→ **Problem**: Your reply must contain the full listing below, reproduced exactly, but no pictures.

============================================================

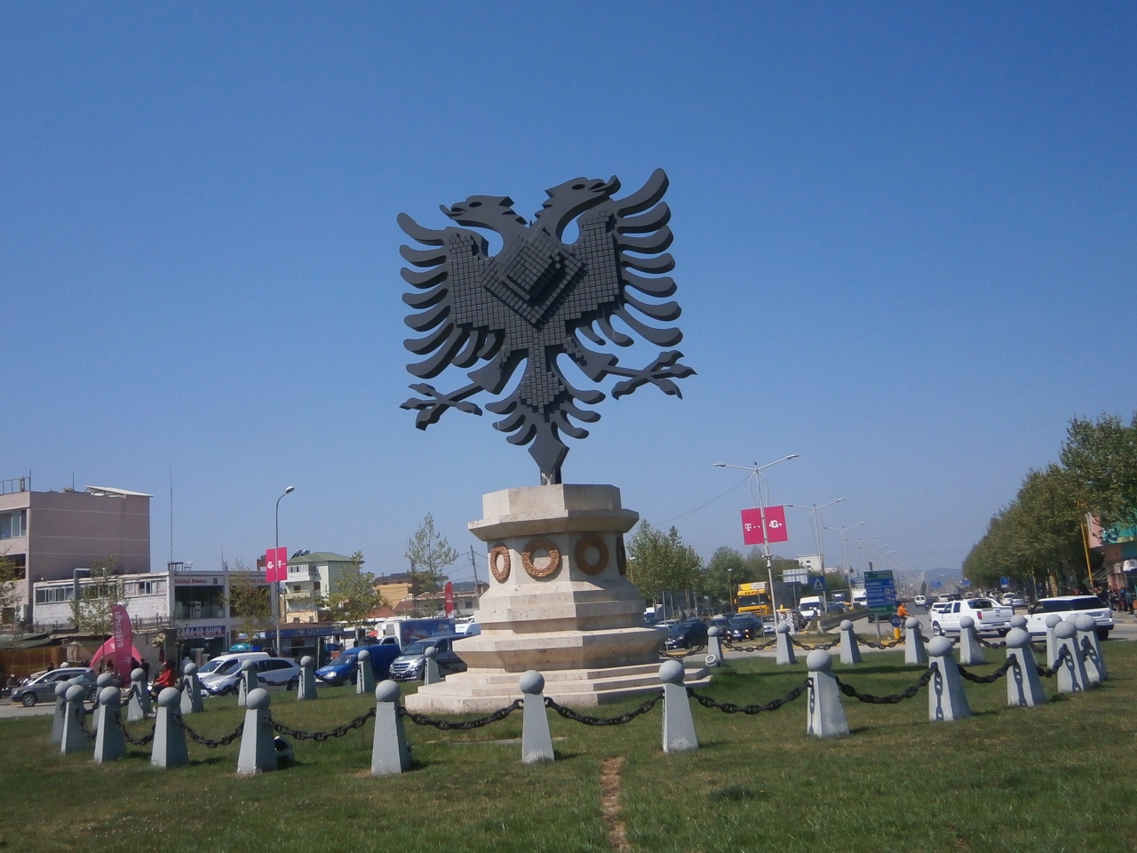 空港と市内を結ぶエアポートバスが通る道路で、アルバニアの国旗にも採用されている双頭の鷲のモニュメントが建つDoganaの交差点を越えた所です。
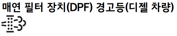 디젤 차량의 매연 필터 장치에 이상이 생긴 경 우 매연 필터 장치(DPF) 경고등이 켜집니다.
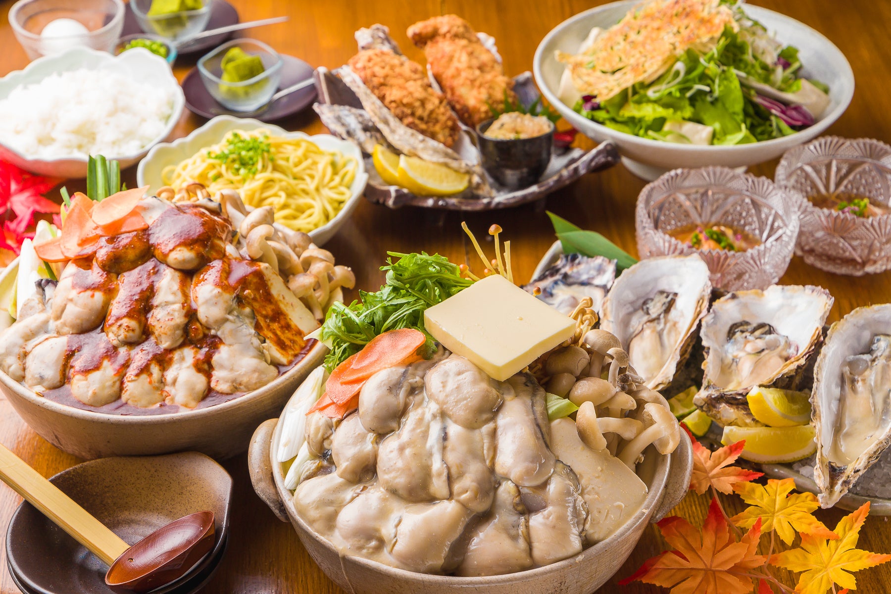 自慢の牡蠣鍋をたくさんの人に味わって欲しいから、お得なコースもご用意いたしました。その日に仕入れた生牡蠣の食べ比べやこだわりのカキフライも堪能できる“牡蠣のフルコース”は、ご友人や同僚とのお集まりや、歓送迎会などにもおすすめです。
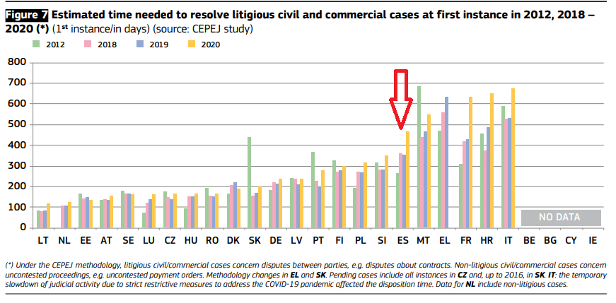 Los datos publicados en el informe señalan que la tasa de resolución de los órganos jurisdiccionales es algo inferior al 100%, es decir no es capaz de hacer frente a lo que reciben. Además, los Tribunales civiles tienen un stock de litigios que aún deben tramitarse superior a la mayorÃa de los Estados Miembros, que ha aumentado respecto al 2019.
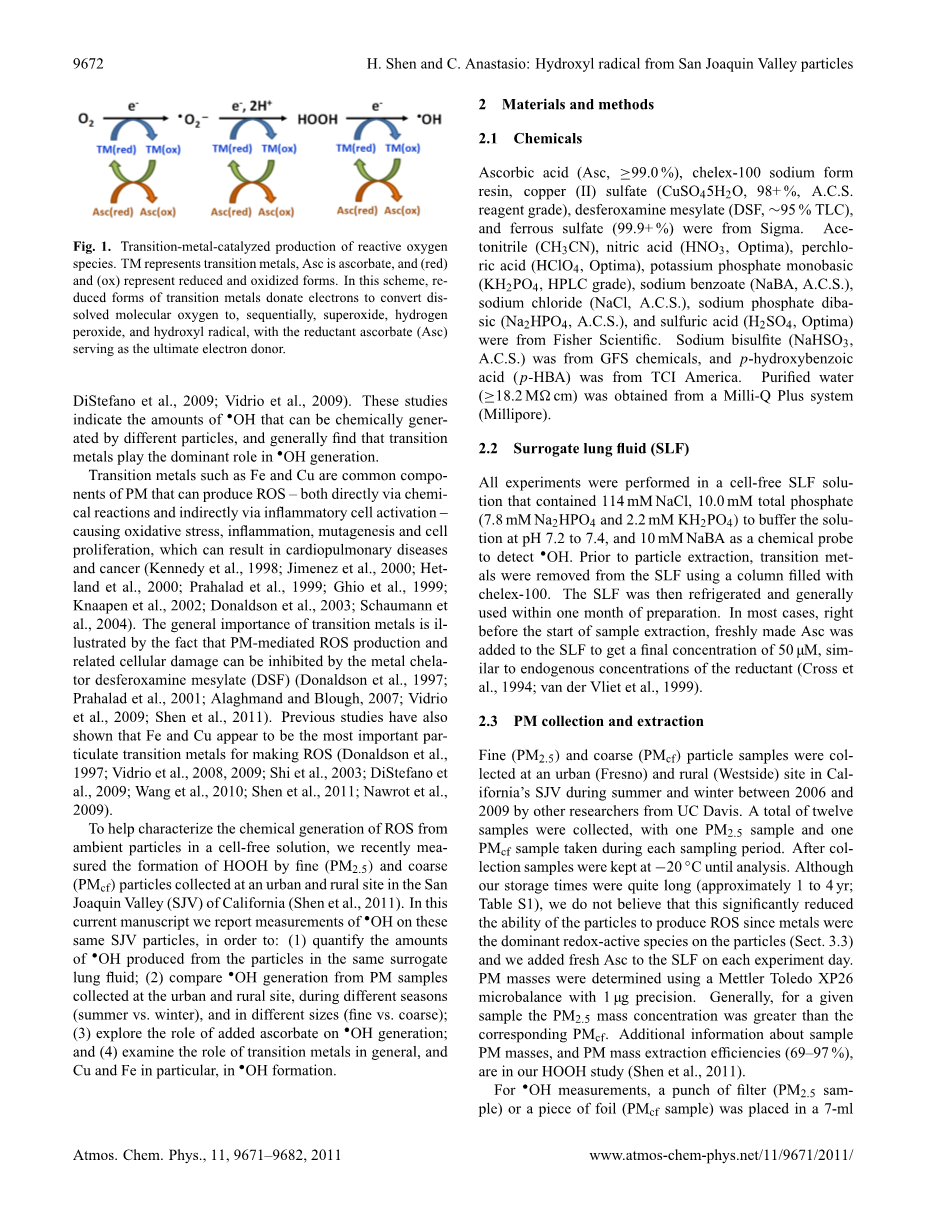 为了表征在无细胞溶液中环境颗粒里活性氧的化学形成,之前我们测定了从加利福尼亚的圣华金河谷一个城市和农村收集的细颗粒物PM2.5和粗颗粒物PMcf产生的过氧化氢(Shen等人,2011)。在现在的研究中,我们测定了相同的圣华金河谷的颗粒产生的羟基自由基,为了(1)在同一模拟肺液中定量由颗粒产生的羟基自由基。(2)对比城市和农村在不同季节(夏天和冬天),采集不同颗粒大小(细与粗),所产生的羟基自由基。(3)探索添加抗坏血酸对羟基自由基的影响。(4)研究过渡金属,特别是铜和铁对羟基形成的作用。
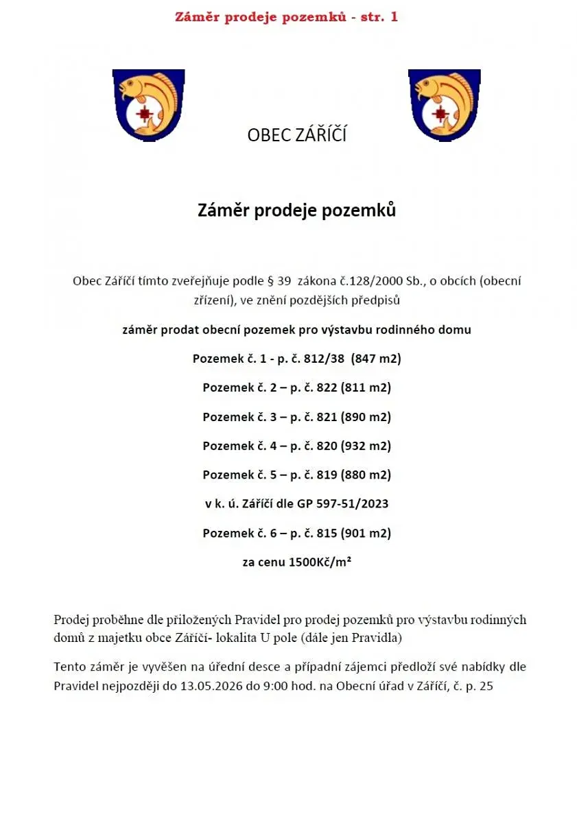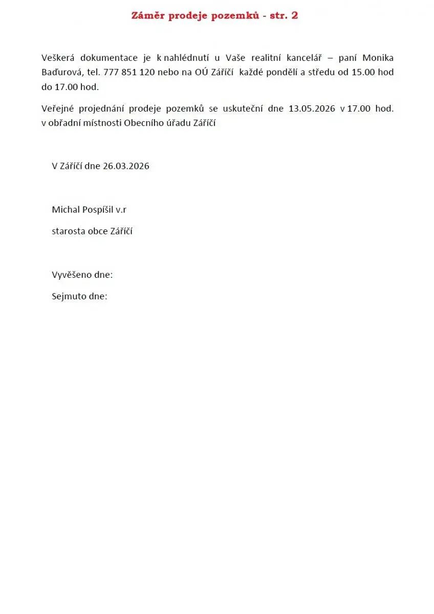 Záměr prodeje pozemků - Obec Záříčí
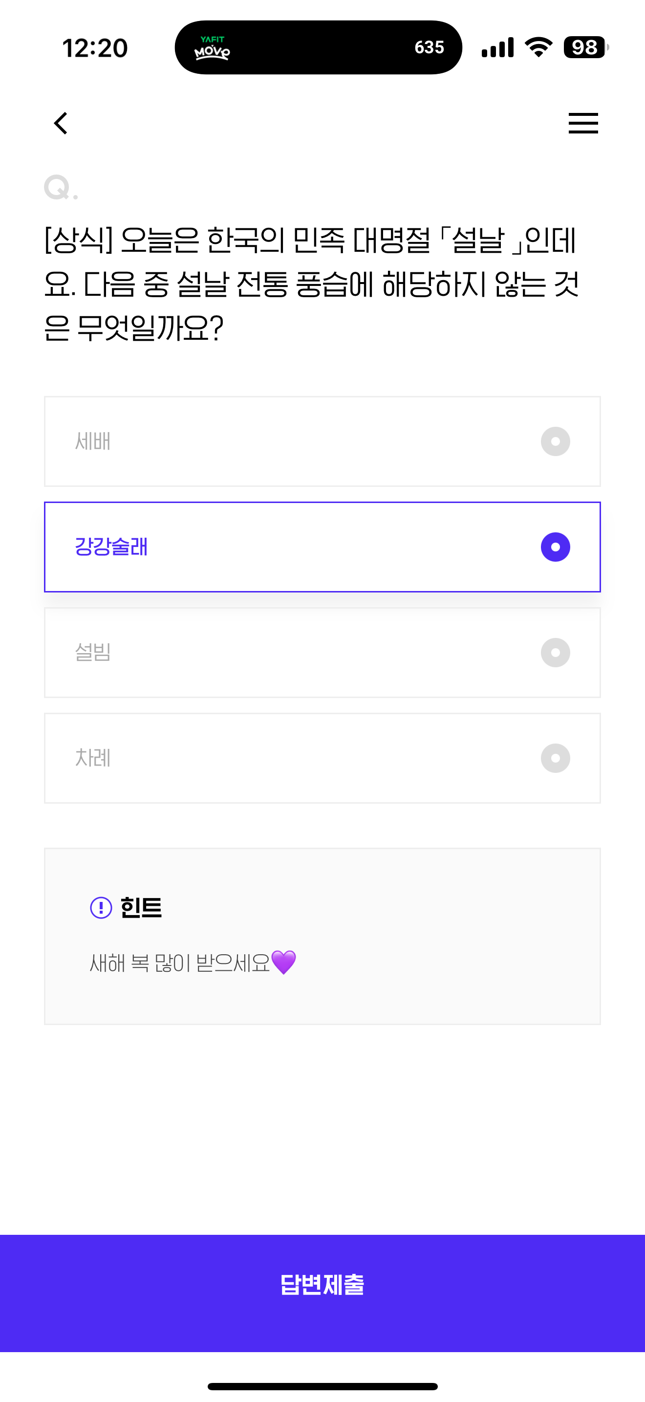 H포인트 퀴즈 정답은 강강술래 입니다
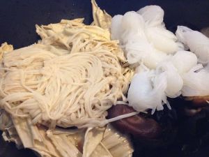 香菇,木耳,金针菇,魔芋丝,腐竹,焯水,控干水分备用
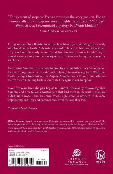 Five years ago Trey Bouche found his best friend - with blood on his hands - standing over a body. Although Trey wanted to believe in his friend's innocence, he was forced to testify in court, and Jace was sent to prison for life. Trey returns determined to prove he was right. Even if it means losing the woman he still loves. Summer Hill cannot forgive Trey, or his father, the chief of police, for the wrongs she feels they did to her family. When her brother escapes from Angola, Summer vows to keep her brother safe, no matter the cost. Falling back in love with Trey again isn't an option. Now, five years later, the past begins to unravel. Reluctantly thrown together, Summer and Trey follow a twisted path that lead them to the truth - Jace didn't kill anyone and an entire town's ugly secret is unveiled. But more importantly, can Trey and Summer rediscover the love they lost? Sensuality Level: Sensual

============================================================

→ **Solved exercise**:
 空港と市内を結ぶエアポートバスが通る道路で、アルバニアの国旗にも採用されている双頭の鷲のモニュメントが建つDoganaの交差点を越えた所です。
 디젤 차량의 매연 필터 장치에 이상이 생긴 경 우 매연 필터 장치(DPF) 경고등이 켜집니다.
 自慢の牡蠣鍋をたくさんの人に味わって欲しいから、お得なコースもご用意いたしました。その日に仕入れた生牡蠣の食べ比べやこだわりのカキフライも堪能できる“牡蠣のフルコース”は、ご友人や同僚とのお集まりや、歓送迎会などにもおすすめです。
 Los datos publicados en el informe señalan que la tasa de resolución de los órganos jurisdiccionales es algo inferior al 100%, es decir no es capaz de hacer frente a lo que reciben. Además, los Tribunales civiles tienen un stock de litigios que aún deben tramitarse superior a la mayorÃa de los Estados Miembros, que ha aumentado respecto al 2019.
 为了表征在无细胞溶液中环境颗粒里活性氧的化学形成,之前我们测定了从加利福尼亚的圣华金河谷一个城市和农村收集的细颗粒物PM2.5和粗颗粒物PMcf产生的过氧化氢(Shen等人,2011)。在现在的研究中,我们测定了相同的圣华金河谷的颗粒产生的羟基自由基,为了(1)在同一模拟肺液中定量由颗粒产生的羟基自由基。(2)对比城市和农村在不同季节(夏天和冬天),采集不同颗粒大小(细与粗),所产生的羟基自由基。(3)探索添加抗坏血酸对羟基自由基的影响。(4)研究过渡金属,特别是铜和铁对羟基形成的作用。
 Záměr prodeje pozemků - Obec Záříčí
 H포인트 퀴즈 정답은 강강술래 입니다
 香菇,木耳,金针菇,魔芋丝,腐竹,焯水,控干水分备用
 Five years ago Trey Bouche found his best friend - with blood on his hands - standing over a body. Although Trey wanted to believe in his friend's innocence, he was forced to testify in court, and Jace was sent to prison for life. Trey returns determined to prove he was right. Even if it means losing the woman he still loves. Summer Hill cannot forgive Trey, or his father, the chief of police, for the wrongs she feels they did to her family. When her brother escapes from Angola, Summer vows to keep her brother safe, no matter the cost. Falling back in love with Trey again isn't an option. Now, five years later, the past begins to unravel. Reluctantly thrown together, Summer and Trey follow a twisted path that lead them to the truth - Jace didn't kill anyone and an entire town's ugly secret is unveiled. But more importantly, can Trey and Summer rediscover the love they lost? Sensuality Level: Sensual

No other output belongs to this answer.